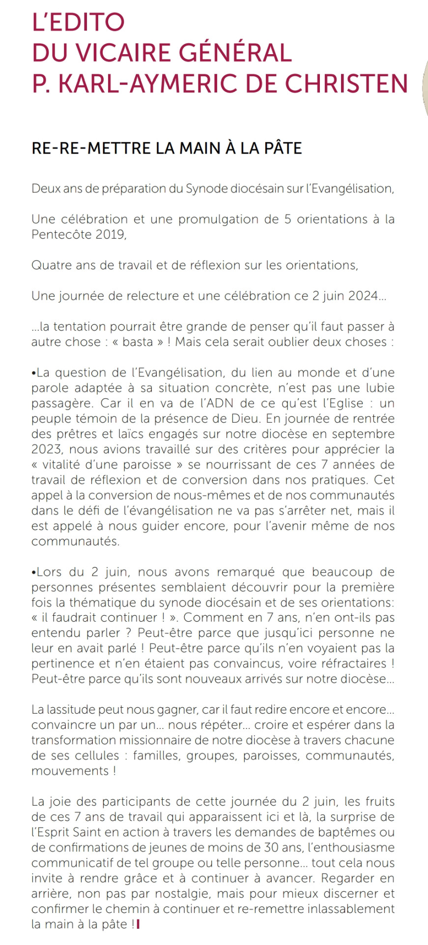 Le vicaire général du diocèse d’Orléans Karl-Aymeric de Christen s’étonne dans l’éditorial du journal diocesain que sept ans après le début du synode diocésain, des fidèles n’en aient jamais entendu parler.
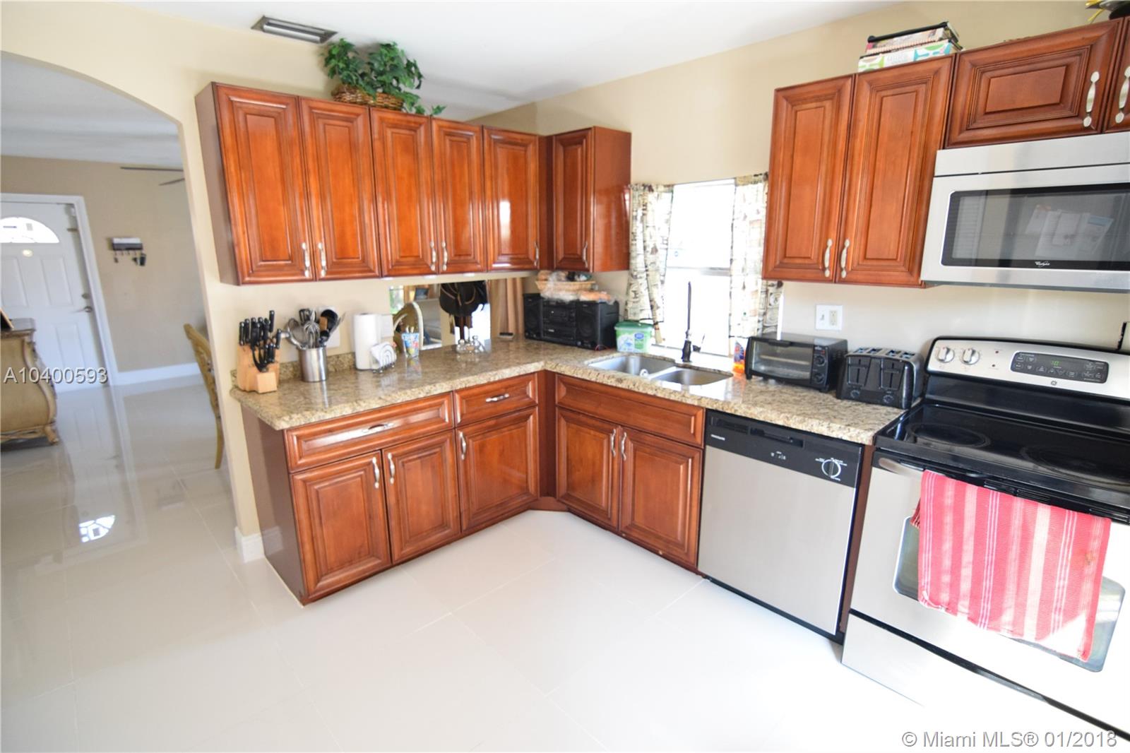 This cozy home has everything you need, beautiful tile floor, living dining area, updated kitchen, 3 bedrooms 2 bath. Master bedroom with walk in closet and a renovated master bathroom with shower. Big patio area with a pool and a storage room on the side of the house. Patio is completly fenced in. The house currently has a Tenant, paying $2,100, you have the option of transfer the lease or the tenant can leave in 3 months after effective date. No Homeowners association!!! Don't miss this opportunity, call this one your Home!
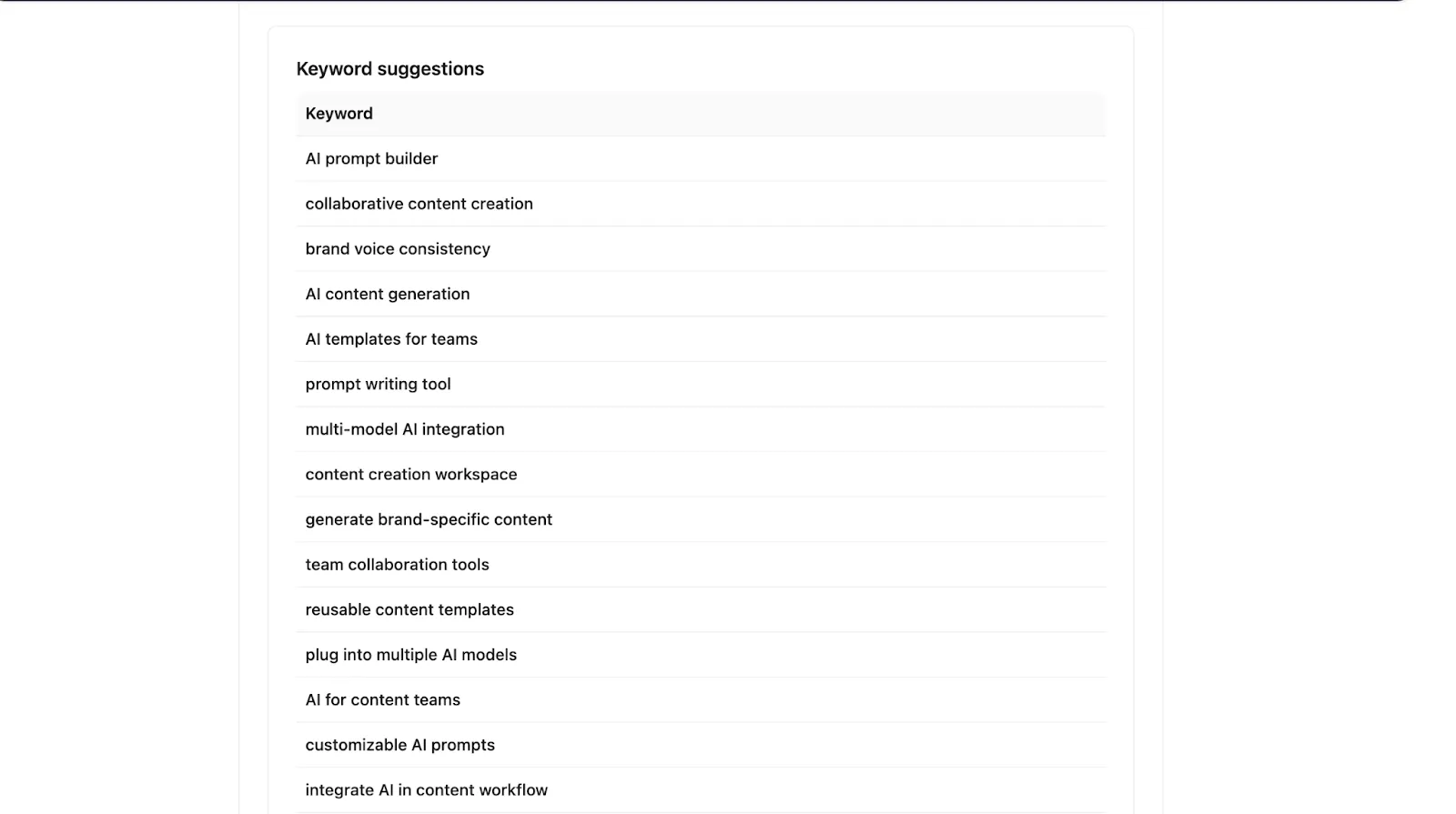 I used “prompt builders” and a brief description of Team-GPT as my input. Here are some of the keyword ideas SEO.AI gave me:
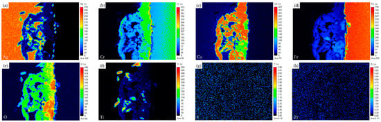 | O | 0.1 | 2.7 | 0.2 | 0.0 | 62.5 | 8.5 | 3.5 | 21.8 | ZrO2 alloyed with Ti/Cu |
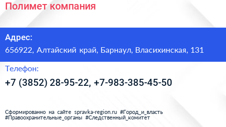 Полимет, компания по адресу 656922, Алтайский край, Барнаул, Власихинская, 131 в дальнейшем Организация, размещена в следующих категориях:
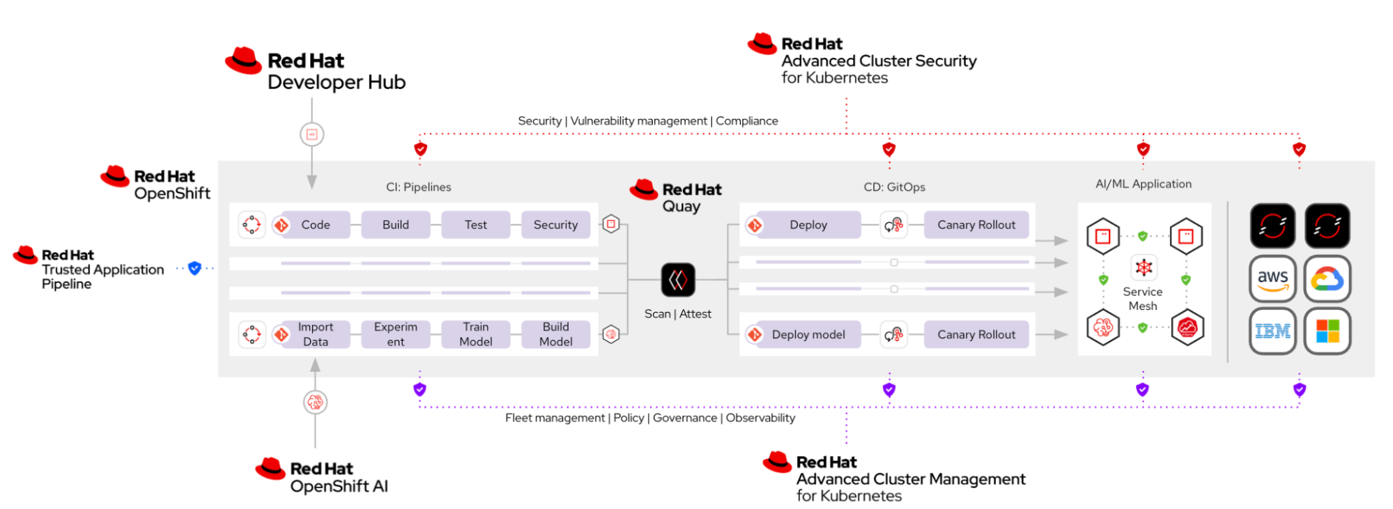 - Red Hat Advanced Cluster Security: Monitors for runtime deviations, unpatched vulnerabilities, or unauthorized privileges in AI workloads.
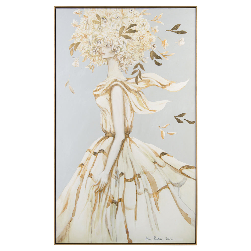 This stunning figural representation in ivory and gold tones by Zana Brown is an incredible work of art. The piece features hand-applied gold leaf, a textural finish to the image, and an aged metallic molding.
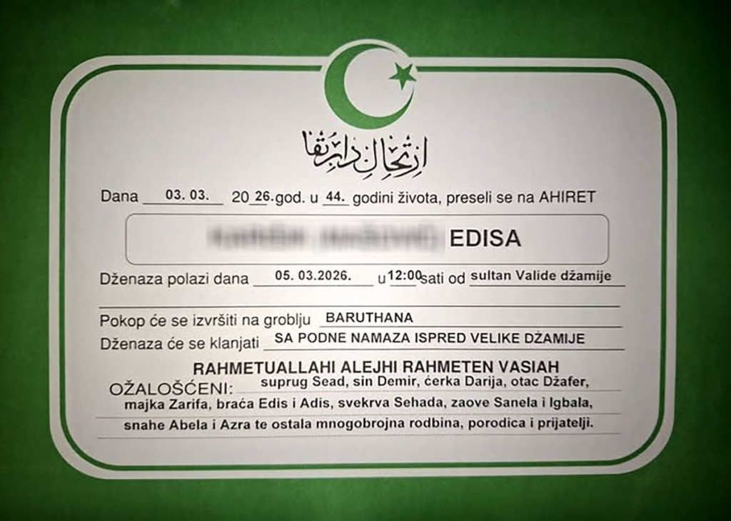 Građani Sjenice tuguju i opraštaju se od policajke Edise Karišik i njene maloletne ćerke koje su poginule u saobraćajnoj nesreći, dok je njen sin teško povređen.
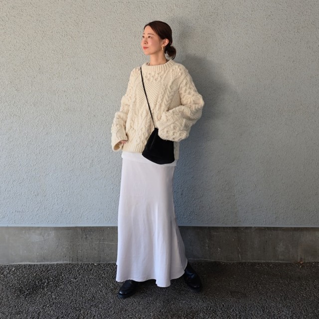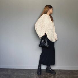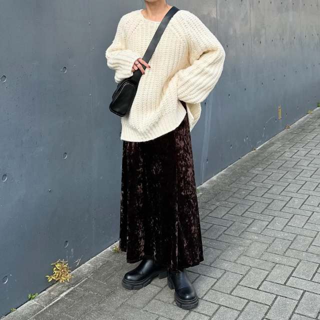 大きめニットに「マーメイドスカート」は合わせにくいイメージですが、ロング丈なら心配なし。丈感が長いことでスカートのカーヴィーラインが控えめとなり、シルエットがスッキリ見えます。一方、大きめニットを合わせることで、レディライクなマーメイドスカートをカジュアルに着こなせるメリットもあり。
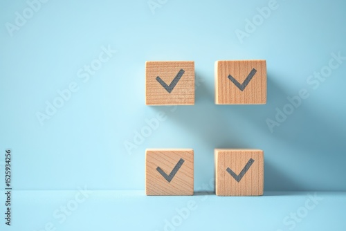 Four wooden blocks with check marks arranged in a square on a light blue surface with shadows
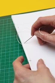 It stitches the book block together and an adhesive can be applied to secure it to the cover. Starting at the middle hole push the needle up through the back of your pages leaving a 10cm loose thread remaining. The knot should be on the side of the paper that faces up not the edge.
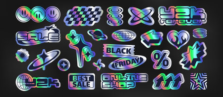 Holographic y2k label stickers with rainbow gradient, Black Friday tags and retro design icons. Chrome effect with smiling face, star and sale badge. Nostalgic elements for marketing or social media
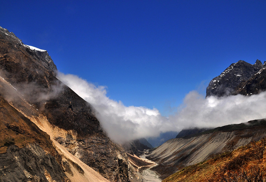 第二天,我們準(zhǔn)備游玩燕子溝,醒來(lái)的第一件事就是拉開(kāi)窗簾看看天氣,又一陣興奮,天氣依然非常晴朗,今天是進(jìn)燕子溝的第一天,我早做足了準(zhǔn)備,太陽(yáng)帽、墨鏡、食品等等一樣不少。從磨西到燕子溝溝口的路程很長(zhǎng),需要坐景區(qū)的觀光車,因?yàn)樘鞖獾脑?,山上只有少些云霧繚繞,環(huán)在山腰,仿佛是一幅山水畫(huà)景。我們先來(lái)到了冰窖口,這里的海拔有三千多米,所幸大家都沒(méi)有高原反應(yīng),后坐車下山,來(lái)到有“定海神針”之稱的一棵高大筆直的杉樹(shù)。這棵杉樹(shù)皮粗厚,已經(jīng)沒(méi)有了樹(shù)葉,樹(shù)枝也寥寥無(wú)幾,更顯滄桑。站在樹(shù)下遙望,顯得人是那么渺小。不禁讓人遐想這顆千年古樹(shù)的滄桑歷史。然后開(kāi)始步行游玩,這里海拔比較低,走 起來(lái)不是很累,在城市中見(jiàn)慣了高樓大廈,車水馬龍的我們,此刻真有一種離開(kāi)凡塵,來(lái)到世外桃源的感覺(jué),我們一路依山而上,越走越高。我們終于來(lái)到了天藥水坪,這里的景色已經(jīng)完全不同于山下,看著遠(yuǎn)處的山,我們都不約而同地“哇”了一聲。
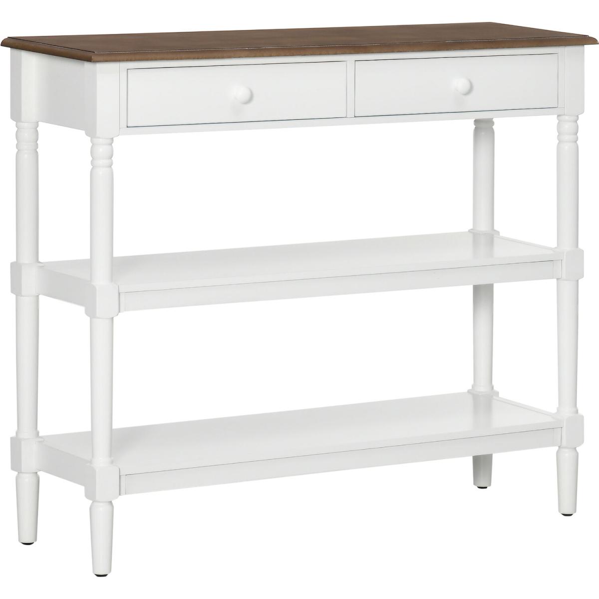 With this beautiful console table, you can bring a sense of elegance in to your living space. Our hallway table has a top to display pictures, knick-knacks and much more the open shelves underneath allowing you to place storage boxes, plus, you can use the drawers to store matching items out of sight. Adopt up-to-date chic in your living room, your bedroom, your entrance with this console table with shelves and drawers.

********

Prompt ▸
Set down every entry above again exactly, dropping each picture.

Output for this exercise ▸
 Le vicaire général du diocèse d’Orléans Karl-Aymeric de Christen s’étonne dans l’éditorial du journal diocesain que sept ans après le début du synode diocésain, des fidèles n’en aient jamais entendu parler.
 This cozy home has everything you need, beautiful tile floor, living dining area, updated kitchen, 3 bedrooms 2 bath. Master bedroom with walk in closet and a renovated master bathroom with shower. Big patio area with a pool and a storage room on the side of the house. Patio is completly fenced in. The house currently has a Tenant, paying $2,100, you have the option of transfer the lease or the tenant can leave in 3 months after effective date. No Homeowners association!!! Don't miss this opportunity, call this one your Home!
 I used “prompt builders” and a brief description of Team-GPT as my input. Here are some of the keyword ideas SEO.AI gave me:
 | O | 0.1 | 2.7 | 0.2 | 0.0 | 62.5 | 8.5 | 3.5 | 21.8 | ZrO2 alloyed with Ti/Cu |
 Полимет, компания по адресу 656922, Алтайский край, Барнаул, Власихинская, 131 в дальнейшем Организация, размещена в следующих категориях:
 - Red Hat Advanced Cluster Security: Monitors for runtime deviations, unpatched vulnerabilities, or unauthorized privileges in AI workloads.
 This stunning figural representation in ivory and gold tones by Zana Brown is an incredible work of art. The piece features hand-applied gold leaf, a textural finish to the image, and an aged metallic molding.
 Građani Sjenice tuguju i opraštaju se od policajke Edise Karišik i njene maloletne ćerke koje su poginule u saobraćajnoj nesreći, dok je njen sin teško povređen.
 大きめニットに「マーメイドスカート」は合わせにくいイメージですが、ロング丈なら心配なし。丈感が長いことでスカートのカーヴィーラインが控えめとなり、シルエットがスッキリ見えます。一方、大きめニットを合わせることで、レディライクなマーメイドスカートをカジュアルに着こなせるメリットもあり。
 Four wooden blocks with check marks arranged in a square on a light blue surface with shadows
 It stitches the book block together and an adhesive can be applied to secure it to the cover. Starting at the middle hole push the needle up through the back of your pages leaving a 10cm loose thread remaining. The knot should be on the side of the paper that faces up not the edge.
 Holographic y2k label stickers with rainbow gradient, Black Friday tags and retro design icons. Chrome effect with smiling face, star and sale badge. Nostalgic elements for marketing or social media
 第二天,我們準(zhǔn)備游玩燕子溝,醒來(lái)的第一件事就是拉開(kāi)窗簾看看天氣,又一陣興奮,天氣依然非常晴朗,今天是進(jìn)燕子溝的第一天,我早做足了準(zhǔn)備,太陽(yáng)帽、墨鏡、食品等等一樣不少。從磨西到燕子溝溝口的路程很長(zhǎng),需要坐景區(qū)的觀光車,因?yàn)樘鞖獾脑?,山上只有少些云霧繚繞,環(huán)在山腰,仿佛是一幅山水畫(huà)景。我們先來(lái)到了冰窖口,這里的海拔有三千多米,所幸大家都沒(méi)有高原反應(yīng),后坐車下山,來(lái)到有“定海神針”之稱的一棵高大筆直的杉樹(shù)。這棵杉樹(shù)皮粗厚,已經(jīng)沒(méi)有了樹(shù)葉,樹(shù)枝也寥寥無(wú)幾,更顯滄桑。站在樹(shù)下遙望,顯得人是那么渺小。不禁讓人遐想這顆千年古樹(shù)的滄桑歷史。然后開(kāi)始步行游玩,這里海拔比較低,走 起來(lái)不是很累,在城市中見(jiàn)慣了高樓大廈,車水馬龍的我們,此刻真有一種離開(kāi)凡塵,來(lái)到世外桃源的感覺(jué),我們一路依山而上,越走越高。我們終于來(lái)到了天藥水坪,這里的景色已經(jīng)完全不同于山下,看著遠(yuǎn)處的山,我們都不約而同地“哇”了一聲。
 With this beautiful console table, you can bring a sense of elegance in to your living space. Our hallway table has a top to display pictures, knick-knacks and much more the open shelves underneath allowing you to place storage boxes, plus, you can use the drawers to store matching items out of sight. Adopt up-to-date chic in your living room, your bedroom, your entrance with this console table with shelves and drawers.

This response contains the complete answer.